ジャン・フォンティーヌは父親が自分のことを探していることをしらず、またエーベルハルトもエドモンド司祭が7の不満と3の頼みごとをエーベルハルトに伝えるために探していることを知らなかった。二人は町の中の騒ぎを気にしながらも、黙々と作業をこなしていた。クリスもまた父アベルから渡されたメモに書かれた品々を準備するのに集中をしていた。どんな勇者にもどんな賢者にも悪しき考えを持ち、それをなそうとする者の気配をすべて感じることも、陰謀を見破ることもできない。4人が再び病院を営むアベルの家に集まったとき、狂気に駆られた群衆はオデットの家に押しかけ、魔女の手掛かりを探して部屋中を荒らしてまわり、いくつかの彼らの探している答えを見つけた。そのうえでオデットの墓を掘り起し、遺体をバラバラにしたあとに火の中に投げ入れた。
「オデットと仲の良かったクリスティーヌはやはり何らかの関係があるにちがいない。実際にオデットはクリスティーヌから字を習ったりしていた。あの子が字を読めるようになったのはクリスティーヌが恐ろしい魔術の書を読ますためだったのではないのか」
一つの仮定、一つの妄想、そして強大な畏れが、あるものを見えなくし、ないものを見えたかのように思わせる。胴体からオデットの首を切り落としたとき、オデットは「クリス」と言いかけたというものまで現れた。そしてオデットを焼いた炎からでた煙は、クリスの家の方角へ向かって流れて行ったと誰かが言い出すと、男たちは手に農機具や工具を握りしめてクリスの住む家目指して歩き始めた。その後ろを恐る恐る女たちが続いた。
「本当にあの子なのかい」
「あの子はずっとこの町に住んでいるわけじゃないから、きっと南の町で悪魔に出会ったのさ」
「魔女を殺せば平和になるの」
「教会から来たというエドモンド司祭を呼んだ方がいいんじゃないの。エドガーじゃ頼りないし……」
こうしてエドモンド司祭は魔女裁判のエキスパートとして半ば町の人々に引っ張り出される形でこの魔女狩りの列に参加することになった。最初エドモンド司祭はそれを拒もうとしたが、この騒ぎの中であればエーベルハルトとの合流もできるかもしれないという打算も少しはあった。しかしそれは、最悪の形でなされることをエドモンド司祭には知る由もなかった。
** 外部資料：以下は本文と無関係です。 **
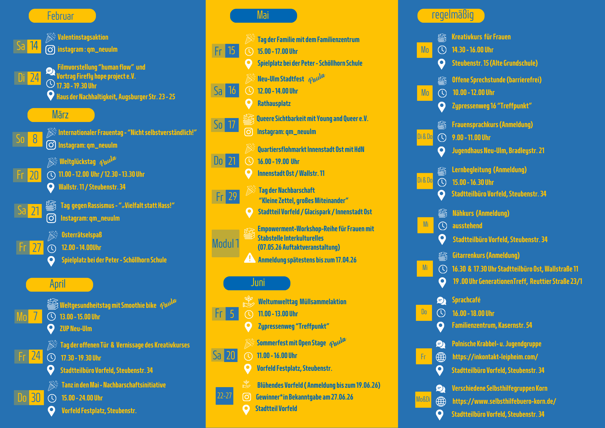Das Quartiersmanagement in Neu-Ulm gibt es seit Anfang der 2000er Jahre und leistet seit dem zahlreiche Angebote in verschiedenen Bereichen. Dazu gehören: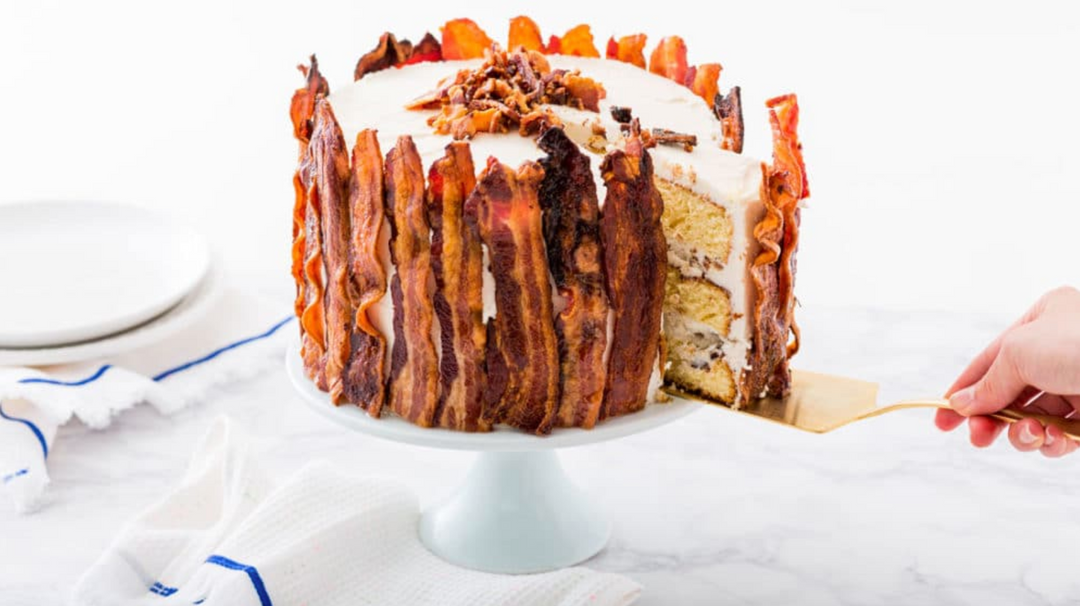 Frost the top of one cake layer and sprinkle some bacon bits on top. Stack another cake layer on top and frost and sprinkle bacon. Stack the third cake layer on top. Frost the top and sides of the cake.

その列を卑屈な笑みを浮かべながら見守る者がいた。長く伸ばした髪の毛を後ろで結わき、闇に溶け込むような暗い色をしたシャツにズボン。肌の色の白さが不気味なほどに目立つ。ひ弱そうに見えて、目は爛々と輝き、唇が異様に赤い。男は卑屈な笑みを浮かべながら、それでいて目はまったく笑っていなかった。すべてがアンバランスなのだ。
「クゥクックックッ……宴の始まりだ。踊れ! 踊るんだ! 狂ったように……クゥクックックッ……」
そしてその邪悪な気配に不快感を表す者もいた。
我は、闇の眷属なり。我、月の灯りとともにその姿を獣と変え、地を走り、闇を切り裂き、血を求めるなり。我の血は、神の理に叛き、闇に生き、光を忌み嫌うものなり。
清らかなることも邪なることを是とせず、非とせず。ただ闇の声に従うのみ。我の血に従うのみ。その血いわく、卑しきものを忌み、乏しきものを疎む。
我の血猛る。我の血を汚すものは我の牙により噛み千切られ、我の爪により引き裂かれる。